PROBLEM TO SOLVE:
Return all of the entries word for word, but omit the pictures they contain.

#####

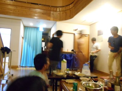 家族用ロッジへ戻って、一休みした後に、少しずつ飲み始める。 9時ぐらいには学生も集まってきて、だんだん賑やかに。 |
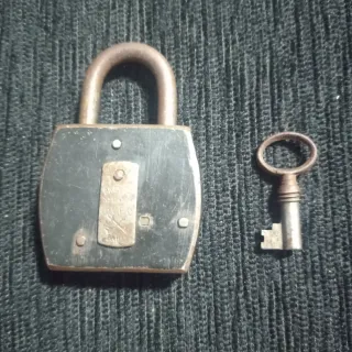 Candado antiguo en muy buenas condiciones, con su llave original. - Diseño clásico y robusto. - Ideal para coleccionistas o como elemento decorativo. NO NEGOCIABLE
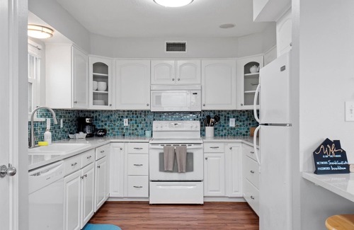 For the culinary enthusiast, the kitchen offers ample room for multiple chefs to work their magic. Featuring Quartz countertops, a sea-glass tile backsplash, and crisp white cabinetry providing tons of storage, this kitchen is both functional and stylish. Dine in style with seating for six at the elegant dining table, or opt for a more casual meal at the kitchen bar, which offers additional seating for two. Start your day on a serene note by enjoying your morning coffee at the breakfast table, where beach views provide the perfect backdrop for your morning ritual.
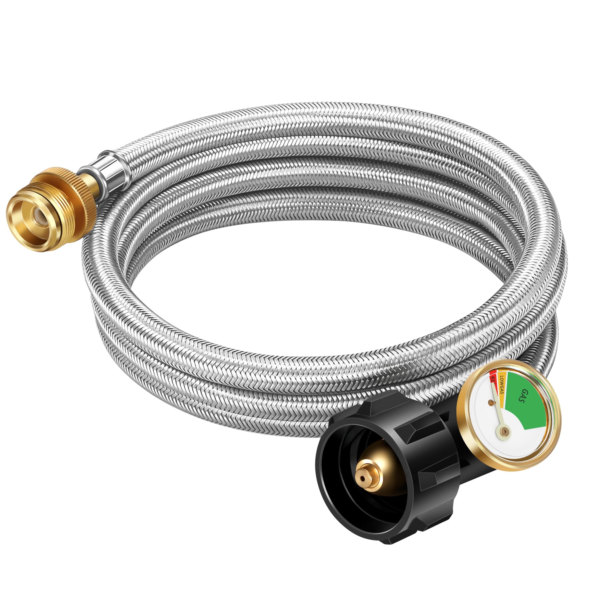 Stainless steel braided propane hose adapter -more effective than rubber hose to withstand bad weather and prevent animals from chewing. 100% solid brass joint with rubber sealing gasket inside to prevent leakage
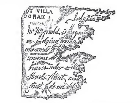 He took it over to the window, and spread it out upon the table. It was dirty, and half burnt, but still it was a clue. The above is a FAC-SIMILE of the letter: —

#####

ANSWER TO THIS TASK:
 家族用ロッジへ戻って、一休みした後に、少しずつ飲み始める。 9時ぐらいには学生も集まってきて、だんだん賑やかに。 |
 Candado antiguo en muy buenas condiciones, con su llave original. - Diseño clásico y robusto. - Ideal para coleccionistas o como elemento decorativo. NO NEGOCIABLE
 For the culinary enthusiast, the kitchen offers ample room for multiple chefs to work their magic. Featuring Quartz countertops, a sea-glass tile backsplash, and crisp white cabinetry providing tons of storage, this kitchen is both functional and stylish. Dine in style with seating for six at the elegant dining table, or opt for a more casual meal at the kitchen bar, which offers additional seating for two. Start your day on a serene note by enjoying your morning coffee at the breakfast table, where beach views provide the perfect backdrop for your morning ritual.
 Stainless steel braided propane hose adapter -more effective than rubber hose to withstand bad weather and prevent animals from chewing. 100% solid brass joint with rubber sealing gasket inside to prevent leakage
 He took it over to the window, and spread it out upon the table. It was dirty, and half burnt, but still it was a clue. The above is a FAC-SIMILE of the letter: —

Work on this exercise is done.